7Corteva Agriscience, U. Missouri, MaizeGDB
8USDA-ARS, Ithaca, NY, USA 14853
Over the last 20 million years, the Andropogoneae tribe of grasses has evolved to dominate 17% of global land area. Domestication of these grasses in the last 10,000 years has yielded our most productive crops, including maize, sugarcane, and sorghum. The majority of Andropogoneae species, including maize, show a history of polyploidy â a condition that, while offering the evolutionary advantage of multiple gene copies, poses challenges to basic cellular processes, gene expression, and epigenetic regulation. To date, understanding the genomic consequences of polyploidy has been limited by the sparse sampling of groups of taxa with multiple polyploidy events. Here, we present 33 genome assemblies from 27 species, including chromosome-scale assemblies of all diploid Zea species and subspecies, and two chromosome-scale assemblies from the sister genus Tripsacum.
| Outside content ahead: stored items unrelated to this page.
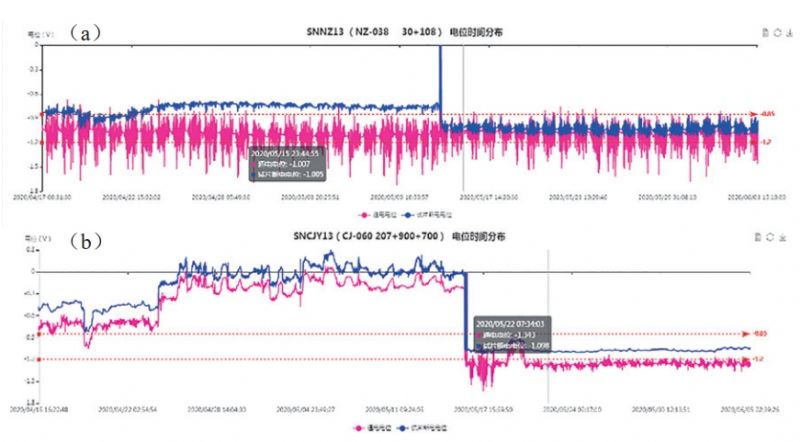 樁內(nèi)連接線常見故障有接線頭銹蝕、測試線損壞以及接線問題。日常管理中需要定期給接線柱和線頭進(jìn)行打磨處理,以確保接觸良好(圖 1)。事實(shí)證明,試片接線和參比接線的良好接觸以及是否松動(dòng)都會(huì)對設(shè)備檢測結(jié)果造成影響。圖 2 a為試片接線端打磨處理前后通斷電電位變化情況,圖 2 b為參比線重新連接前后通斷電電位變化情況。試片接線和參比接線失效,其后果等同于試片和參比失效(藍(lán)色線條為斷電電位,紅色線條為通電電位,下同)。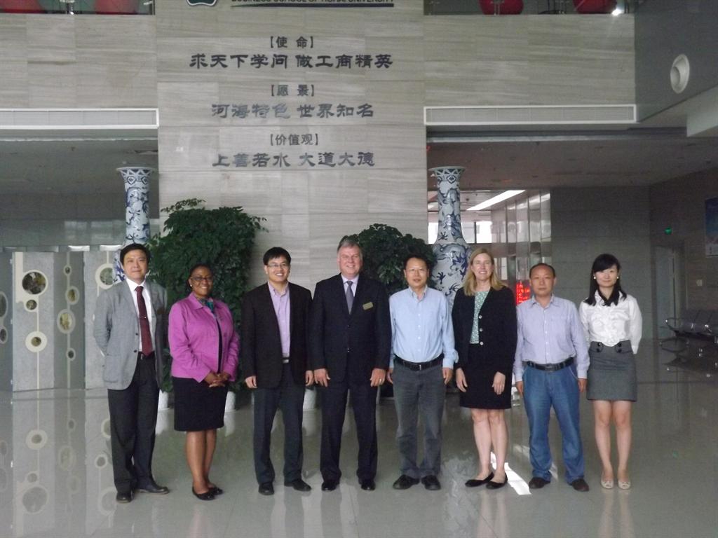 | Five delegates from University of Missouri-Kansas City, including Prof. Kevin Truman, director of International Division, Dr. Kami Thomas, associate dean of Henry W. Bloch School of Management, Ms. Kimberly Young, executive director of Executive Education, Mr. Wilson Ang, director of China and Asian programs in Henry W. Bloch School of Management, and Mr. Jun Zhao, associate director of China and Asian programs in Henry W. Bloch School of Management visited Business School of Hohai University on May 31th. Prof. Zhang Jisheng, associate director of International Cooperation Division and Prof. Huang Dechun, assistant Dean of Business School of Hohai University, met them in meeting room 301. Professor Huang Dechun first briefly introduced to the guests the basic information of our school, as well as the recent development of Hohai University in internationalization. Then, two sides fully exchanged ideas and discussed about faculty and student exchange, and research cooperation programs. Finally, broad consensus has been reached. University of Missouri-Kansas City was built in 1929, and it joined the education system of Missouri University in 1963. In the field of innovation management research, this university ranks first in the world. The career education standard of UMKC for undergraduate and postgraduate students ranks the top twenty in US. ![]() |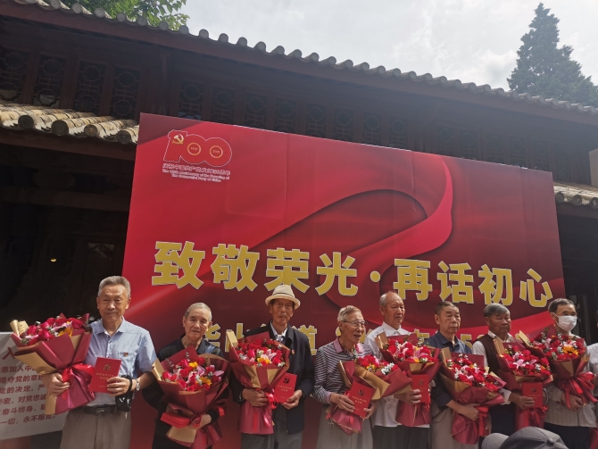 昆明信息港讯 记者李红鸾 值此中国共产党成立100周年之际,根据中共中央《关于做好“光荣在党50年”纪念章颁发工作的通知》精神。为做好分批次颁发“光荣在党50年”纪念章工作, 6月20日,华山街道在朱德旧居举行第一批次纪念章颁发仪式。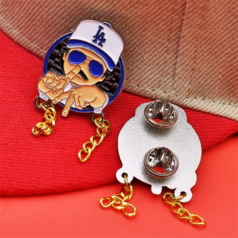 These pins come in two shapes: LA-logo cartoon heads (with sunglasses & gold chains) and an iconic figure design, all with sleek metal borders. Used to decorate caps or bags, they add unique edgy flair for LA fans, creating eye-catching, personalized touches to accessories.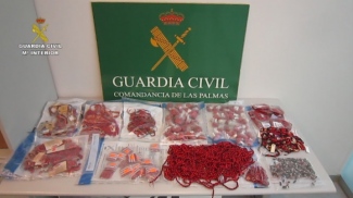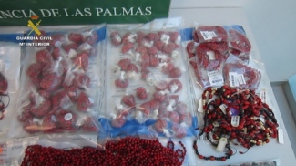 La Guardia Civil intervino 184 colgantes, 63 collares, 100 pulseras y 10 rosarios elaboradas con semillas de abrina, así como otras 5.525 semillas para la fabricación de bisutería.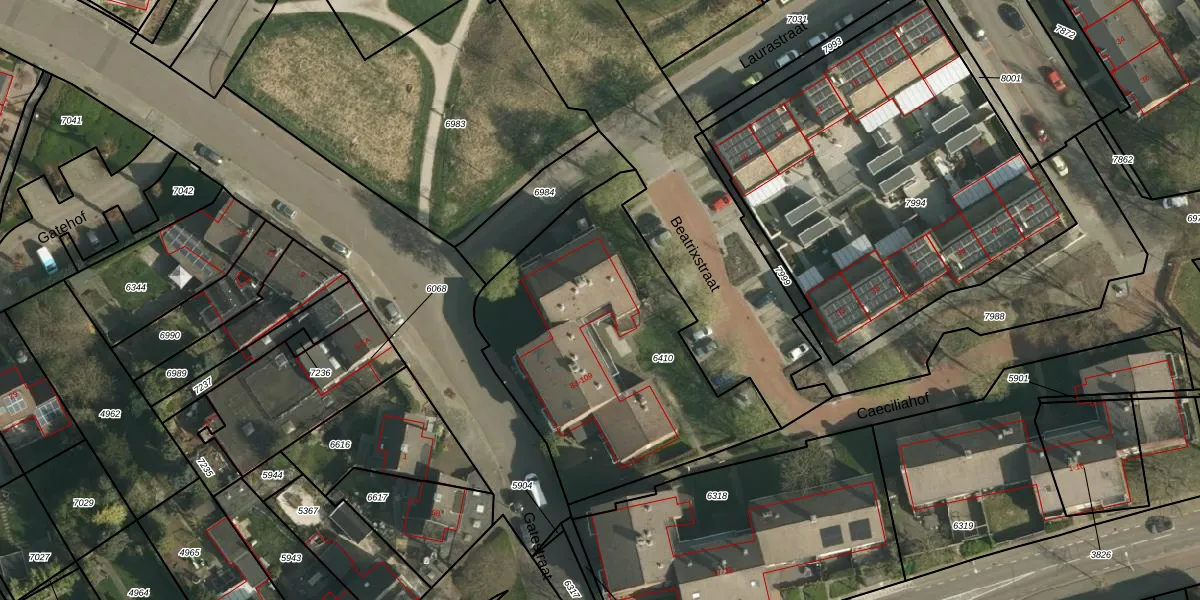 Het perceel waarop Beatrixstraat 109 staat heeft een oppervlakte van 1430 m². Dit is een zeer groot perceel. De perceeloppervlakte wordt geregistreerd door het Kadaster. Gedetailleerde informatie over de maten van dit perceel kunt u vinden in het rapport Kadastrale kaart met maatvoering van Beatrixstraat 109.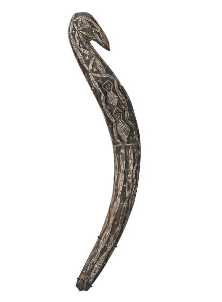 carved hardwood filled with natural earth pigment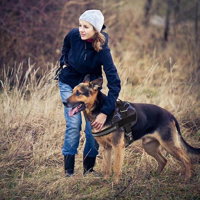 Dogline Dog Harness, Reflective No-Pull Adjustable Vest with Handle for Walking, Training, Breathable, No - Choke Harness for Small, Medium or Large Dogs Room for Patches Girraffe Grey XS 15"-18"

These genomes capture 14 independent polyploid formation events, including the shared whole genome duplication between Zea and Tripsacum. In maize, the after-effects of polyploidy have been widely studied, showing reduced chromosome number, biased fractionation of duplicate genes, and transposable element (TE) expansions. While we observe these patterns within the genus Zea, 12 other polyploidy events deviate significantly. Those tetraploids and hexaploids retain elevated chromosome number, maintain nearly complete complements of duplicate genes, and have only stochastic TE amplifications. We hypothesize these contrasting patterns arise from differences in the evolutionary role of polyploidy. In most taxa, polyploidy may buffer genetic load, whereas in maize, it likely fixes heterozygosity from divergent allopolyploid parents. In total, these genomes provide a powerful backdrop for maize geneticists to better understand maize diversity and the evolutionary context of maize genes and alleles.
Transposons & Epigenetics
L30: mop1 reshapes recombination landscapes by altering DNA methylation and chromatin states at MITEs
Transposons & Epigenetics Mohammad Mahmood Hasan (Graduate Student)
Hasan, Mohammad Mahmood1
Wang, Minghui2
Pawlowski, Wojtek3
Zhao, Meixia1
1Department of Microbiology and Cell Science; University of Florida; Gainesville; FL; USA 32603
2Meiogenix Inc.; Center for Life Science Ventures of Cornell University; Cornell University; Ithaca; NY; USA 14850
3School of Integrated Plant Science; Cornell University; Ithaca; NY; USA 15853
Meiotic recombination ensures genetic diversity and proper chromosome segregation, but its regulation remains poorly understood in many species. Here, we investigate the role of Mop1 (Mediator of paramutation1), a key component of the RNA-directed DNA methylation pathway, in reshaping the recombination landscape in maize. We performed whole-genome resequencing of 97 and 110 backcrossed (BC1) individuals derived from female mop1 mutants and wild types, as well as 122 and 94 BC1 individuals derived from male mop1 mutants and wild types, identifying crossovers (COs) at high resolution. Using a Hidden Markov Model, we identified 4,048 COs, with approximately 50% occurring within a 2 kb interval across all populations. Our data reveal that mop1 has a sex-specific impact on meiotic recombination in maize, where the number of COs is significantly reduced in male mop1 mutants but remains unchanged in female mop1 mutants compared to their WT counterparts. However, in both sexes, CO numbers are reduced in the pericentromeric regions. Further analysis indicates that mop1 elevates CO frequency near miniature inverted-repeat transposable elements (MITEs). Epigenetic profiling demonstrates that mop1 significantly reduces DNA methylation and increases the abundance of open chromatin marks, such as H2A.Z and histone acetylation, at MITEs located near genes. Additionally, mop1 increases CO sites in regions of higher genetic diversity. Together, these results highlight the critical role of MOP1 in regulating meiotic recombination by modulating DNA methylation and chromatin states at transposable elements, providing new insights into the epigenetic regulation of meiotic recombination.